The spell surged through Snow White, searching for something to fix. It mended a few budding bruises she had from falling to the ground, but apart from that, there was nothing.

That’s impossible. Why, then, isn’t she awake?

A spell made of steely gray symbols Angelique didn’t recognize twirled around Snow White’s throat. It was likely a spell cast by the black mage working through Faina. The symbols weren’t anything like the language of magic—they were sharp and foreign. But the spell didn’t seem to be doing anything.

Behind Angelique, something thrashed in the woods. She tensed—had Queen Faina come back with the black mage responsible for this? But then her magic pinpointed the quiver with the arrows that was drawing closer in tandem with the thrashing.

Marzell.

Angelique ignored the incoming warrior and anxiously peered at Snow White, doing her best to find whatever was wrong with the princess.

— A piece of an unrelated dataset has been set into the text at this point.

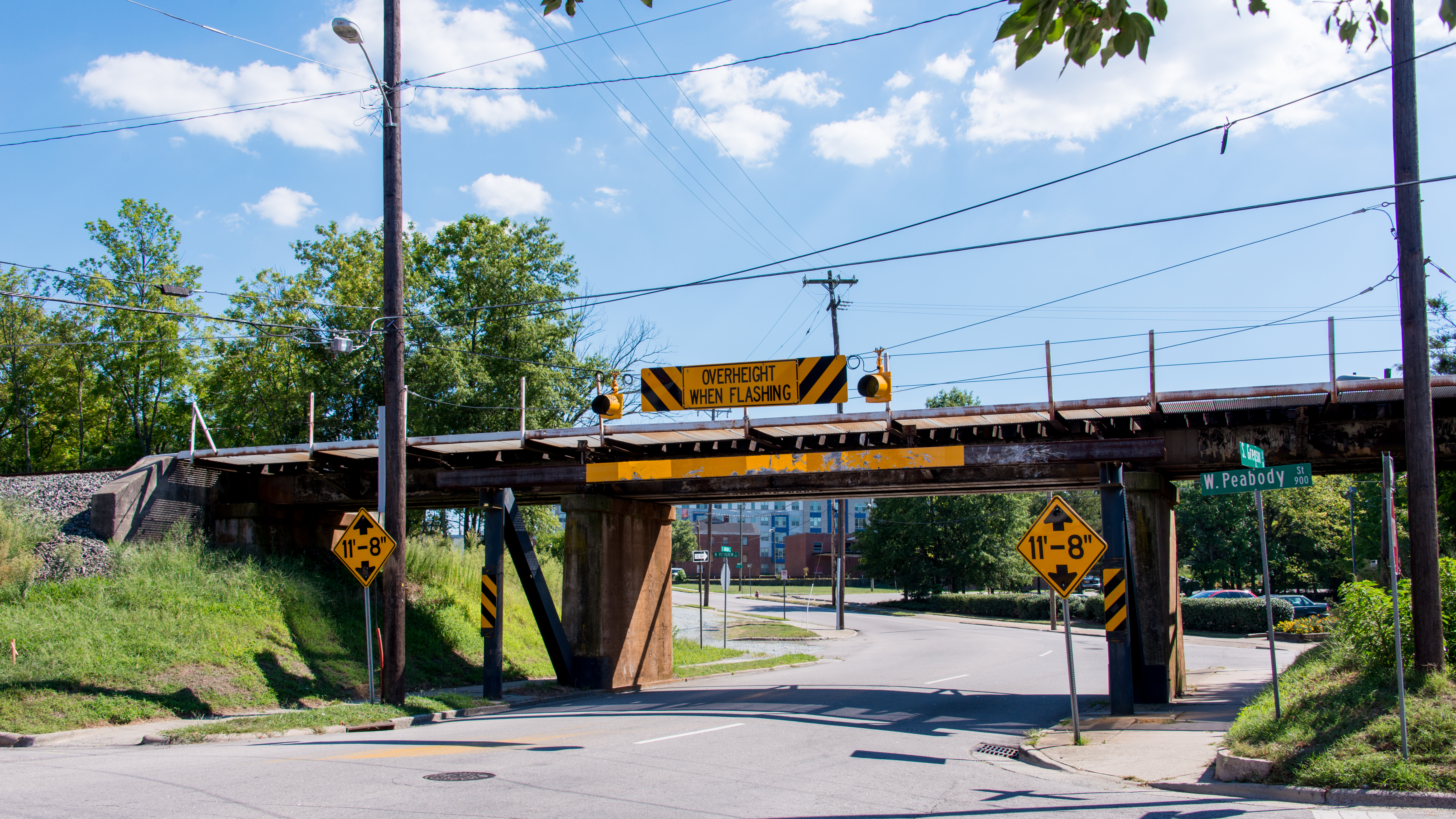 The famous Gregson Street Guillotine. Built-in 1940, the Norfolk Southern-Gregson Street Overpass is located at the Gregson and Peabody intersection, in downtown Durham, North Carolina; it is famous for being constantly being hit by trucks who ignore the numerous height warnings. The bridge was recently reconstructed by an extra 8 inches so the bridge is now 12 feet and 4 inches.

She didn’t see any wounds, and her magic couldn’t sense anything—but she hadn’t sensed Queen Faina’s arrival, either, which was terrifying for a number of reasons.

She tried tugging at the spell, trying to get a better sense for it, but whenever she touched it, the cold, dark powers that had attacked her with the constructs shot through her body.

Why is nothing working? This has to be dark magic, but what can I do to counter it? Why doesn’t it look like anything I’ve seen before?